What the task requires =>
Each line of the data below goes into the copy exactly; pictures do not.

Recorded information =>
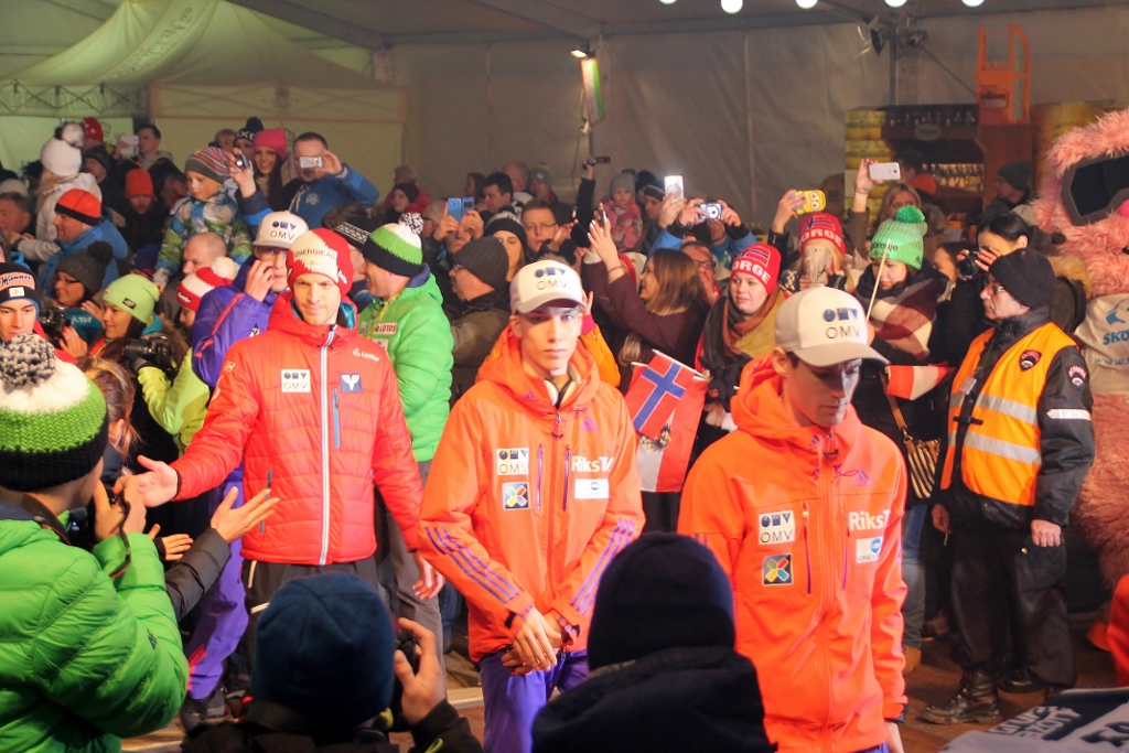 Po krótkich przemówieniach nastąpiła najważniejsza część wieczoru – wręczenie numerów startowych. Kibice wraz z konferansjerem Krzysztofem Głombowiczem wykrzykiwali kolejno nazwiska zawodników. Żółtą koszulkę lidera Peter Prevc otrzymał z rąk samego Adama Małysza, który również pojawił się na ceremonii.
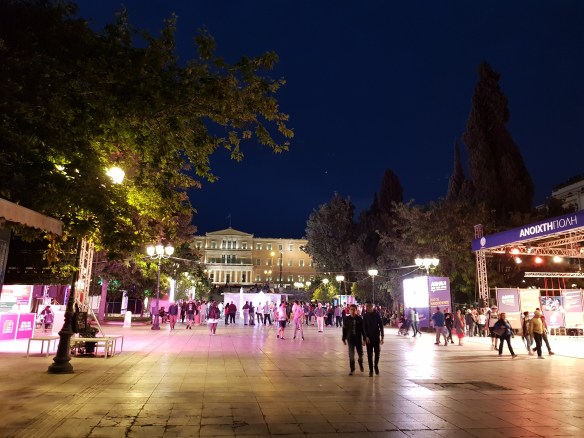 雅典的主要廣場,位於希臘國會之前,得名於1843年9月3日奧托國王在起義後批准的希臘憲法。我其實白天有經過,不過晚上才拍照。
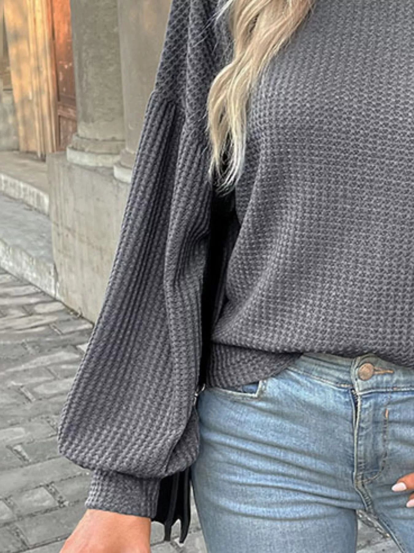 Waffle Knit Round Neck Top

Answer section =>
 Po krótkich przemówieniach nastąpiła najważniejsza część wieczoru – wręczenie numerów startowych. Kibice wraz z konferansjerem Krzysztofem Głombowiczem wykrzykiwali kolejno nazwiska zawodników. Żółtą koszulkę lidera Peter Prevc otrzymał z rąk samego Adama Małysza, który również pojawił się na ceremonii.
 雅典的主要廣場,位於希臘國會之前,得名於1843年9月3日奧托國王在起義後批准的希臘憲法。我其實白天有經過,不過晚上才拍照。
 Waffle Knit Round Neck Top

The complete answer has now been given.